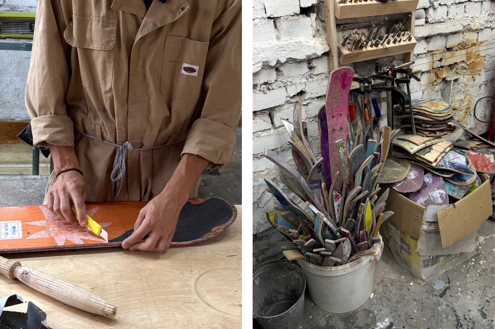 Ребята часто отдают мне свои сломанные деки. Думаю, это и благодарность, и уважение, и просто потому, что знают: я из этого сделаю что-то классное, а не просто в печь кину. Комьюнити у нас тесное, и у меня там есть какой-то вес, поэтому доски находят дорогу ко мне.
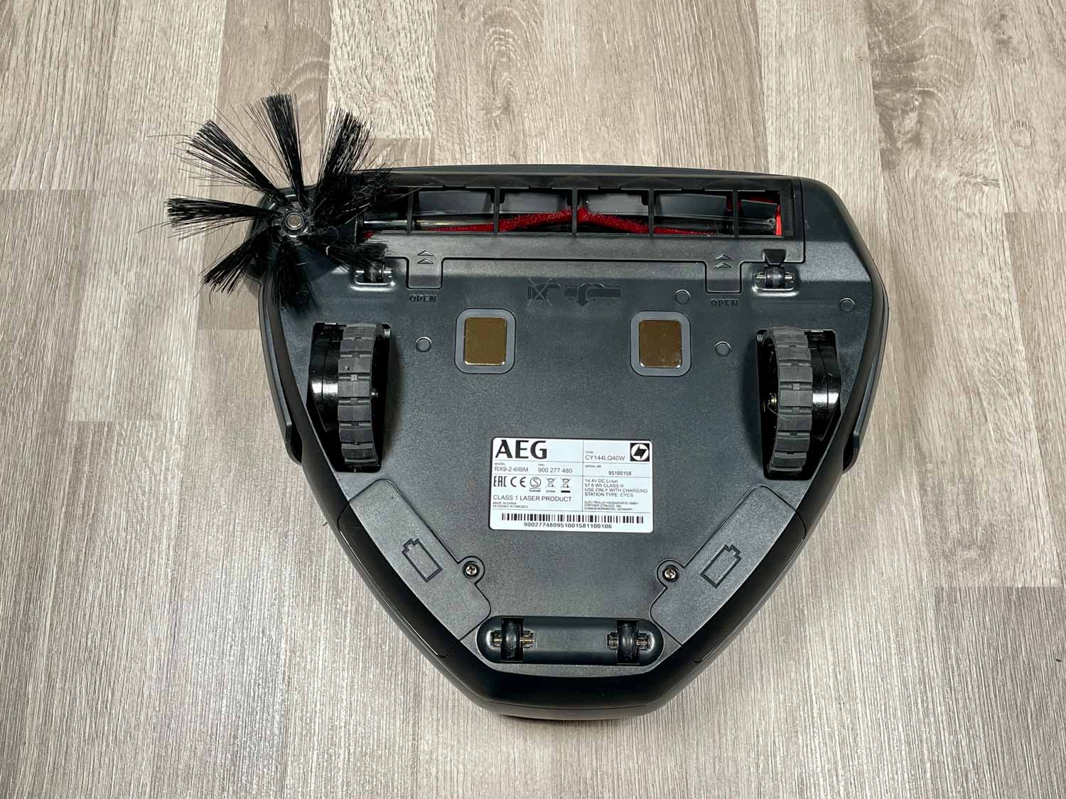 Die Unterseite ist auch recht interessant gestaltet. Eine sehr lange, aber seitlich sitzende Bodenbürste, die aus Gummilamellen und Borsten besteht, wurde an der Front des Roboters positioniert. Mittig erkennst du dagegen die Ladekontakte für die Ladestation. Zwei große Räder, begleitet mit vier kleinen, sind dann noch die einzigen Dinge, die du finden kannst. Absturzsensoren findest du nicht. Er erkennt Abgründe über die Kamera und fällt diese nicht herunter.
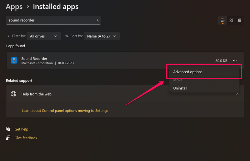 1.Apri ilOpzioni avanzatepagina per l'app Registratore di suoni in Windows 11 come spiegato nella correzione precedente (Correzione n.5).
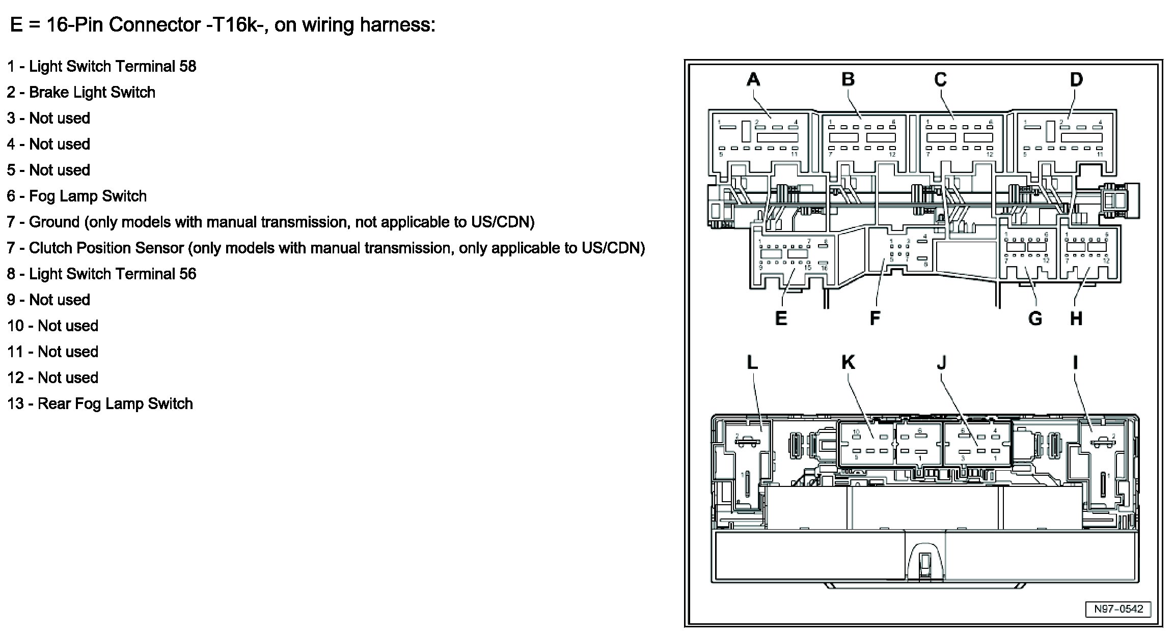 E = 16-Pin Connector -T16k-, On Wiring Harness Part 1:
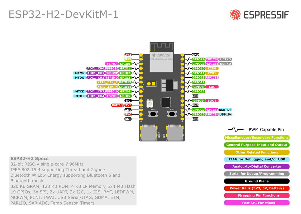 Схема распиновки Espressif ESP32-H2-DevKitM-1
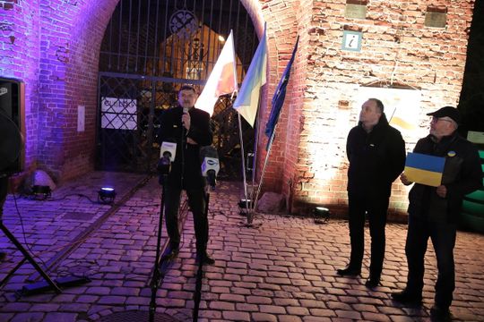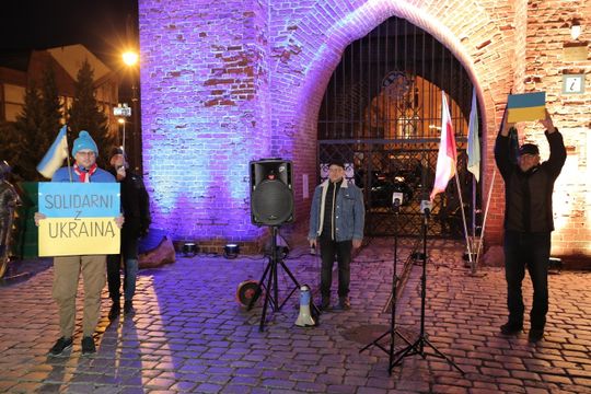 "Dobry wieczór, bo tak się mówi wieczorem, ale to nie jest dobry wieczór dla Ukrainy, bardzo dziękuje mieszkańcom Elbląga, że są solidarni z Ukrainą" - powiedział Mirosław Prytuła z elbląskiego koła związku Ukraińców w Polsce.

━━━━━━━━━━

Print exactly the lines from the line with "E = 16-Pin Connector" through the end of the data, both ends included, and print no pictures.

(Written answer)
 E = 16-Pin Connector -T16k-, On Wiring Harness Part 1:
 Схема распиновки Espressif ESP32-H2-DevKitM-1
 "Dobry wieczór, bo tak się mówi wieczorem, ale to nie jest dobry wieczór dla Ukrainy, bardzo dziękuje mieszkańcom Elbląga, że są solidarni z Ukrainą" - powiedział Mirosław Prytuła z elbląskiego koła związku Ukraińców w Polsce.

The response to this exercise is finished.